БАНИН. Судьба молодой девушки и ветер перемен: нефть, деньги, падение первой демократической республики Востока… - ФОТО | 1news.az | Новости
Inspiring Women

БАНИН. Судьба молодой девушки и ветер перемен: нефть, деньги, падение первой демократической республики Востока… - ФОТО

12:04 - 01 / 06 / 2015
БАНИН. Судьба молодой девушки и ветер перемен: нефть, деньги, падение первой демократической республики Востока… - ФОТО

Француженка азербайджанского происхождения Банин (Ум-эль Бану).

В декабре 2005 года сразу две страны (Азербайджан и Франция) отпраздновали столетие Банин - автора «Кавказских дней», самой яркой, эмоционально точной летописи жизни Баку начала XX века.

Банин  родилась в Баку в 1905 году. Оба ее деда – Муса Нагиев и Шамси Асадуллаев были известными нефтепромышленниками, богатейшими людьми того времени. В 1924 году Банин эмигрировала в Турцию, а оттуда – во Францию.

О ней наш очередной материал в рубрике «Женщины, которые вдохновляют».

Детство

«Мое раннее детство было пречудесным, - рассказывает Банин в книге « Кавказские дни». - Я была младшей из четырех сестер. Потому внимания и заботы мне уделялось больше» (далее – цитаты из книги, ред.)

Мы росли под опекой верной своему предназначению фрейлейн Анны, которая, внушая нам сентиментальный дух чистой немецкой девушки, искореняла в наших душах свойства наследственные. Она пыталась превратить нас в хорошеньких, мягкосердечных Гретхен. Но мы были потомками своих предков, и с этим ничего нельзя было поделать.

Страна давно уже была российской колонией, и влияние русских чувствовалось во всем. Под этим влиянием рос интерес к европейскому образу жизни, новой культуре. Люди предпочитали чадре свободу, фанатизму - образованность. Особенно этому влиянию было подвержено молодое поколение.
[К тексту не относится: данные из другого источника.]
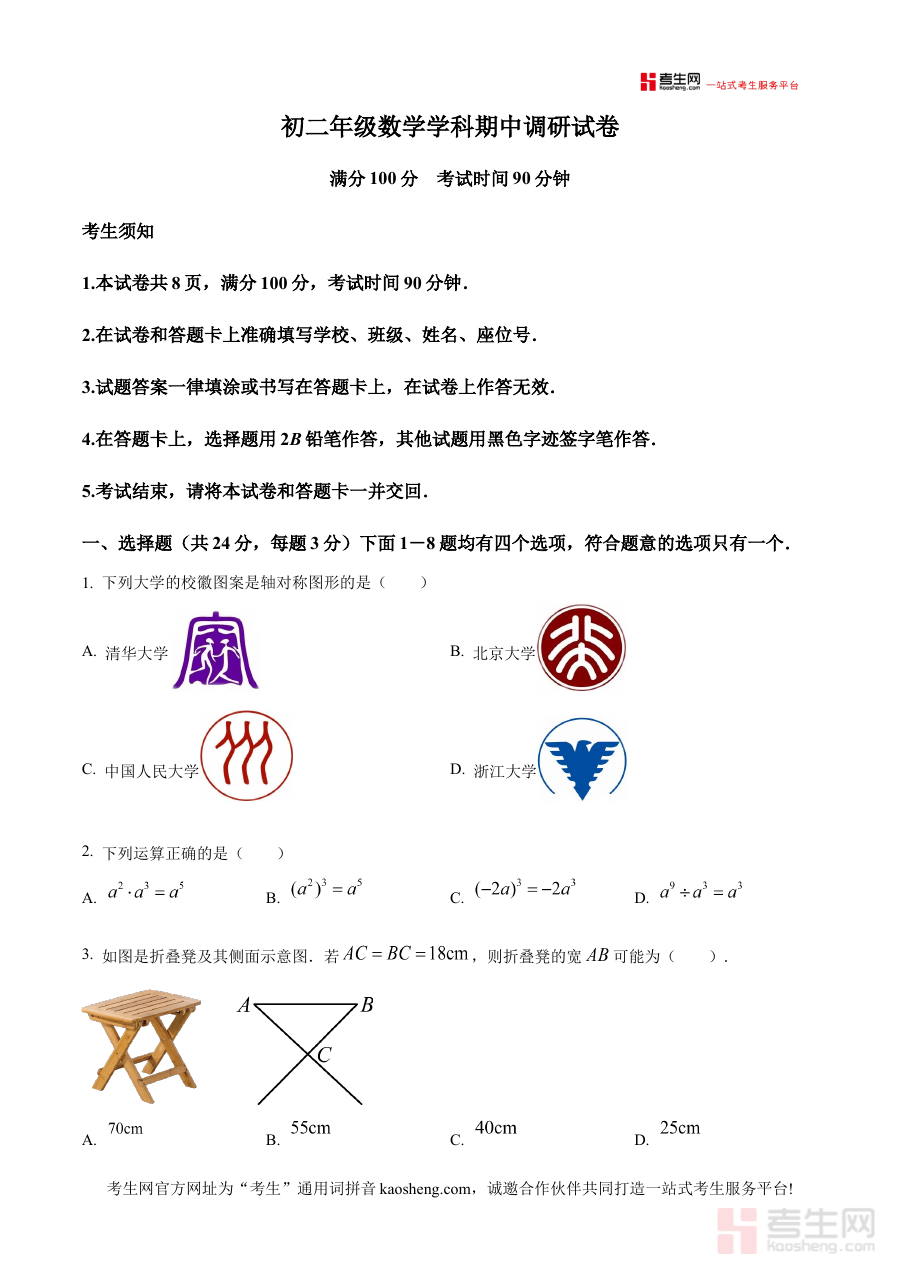 本资料适用于北京市朝阳区北京中学八年级学生、数学教师及学生家长。学生通过使用可熟悉期中考试的考查形式与范围,增强备考准备;教师可借助其开展教学效果检测与分析;家长则能依据资料了解孩子学习阶段的重点,辅助孩子制定合理的学习计划,共同促进学生数学学科能力的提升。
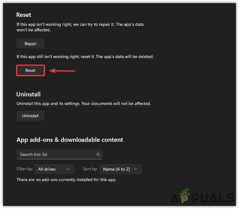 Resetting the Microsoft App can be a good solution to this problem. It lets you clear the cache and appdata that might be corrupted, causing this issue.

Отец, как старший сын в семье, возглавлял семейный бизнес: нефтяные фирмы на берегах Каспия и Волги, Московские, Варшавские и прочие филиалы самых разных предприятий. Вдохновленный прогрессом, отец намеревался еще более расширить производство и хозяйственную деятельность. Человеку, привыкшему к путешествиям по бескрайним Российским просторам, Берлин не казался столь отдаленным местом. Потому-то известия о нем довольно часто приходили также из Германии. В те времена Вильгельм II объявил себя защитником турок и мусульман. Азербайджанцы, будучи сродни туркам, питали к немцам те же симпатии. Это было взаимно.

Бабушка и  ее пророчество

Бабушка была крупной, полной, властной по характеру женщиной. Как и все настоящие мусульманки, она своевременно совершала омовение и намаз. Предпочитала сидеть на полу на ковриках и подушках. Носила чадру и была строга и неулыбчива. Порой в порыве религиозных чувств она даже поругивала иноверцев. Оттого, что наши воспитатели были христианами, бабушка и с нами «держала дистанцию». Ее бы воля, бабушка никогда не доверила бы нас попечению фрейлейн Анны.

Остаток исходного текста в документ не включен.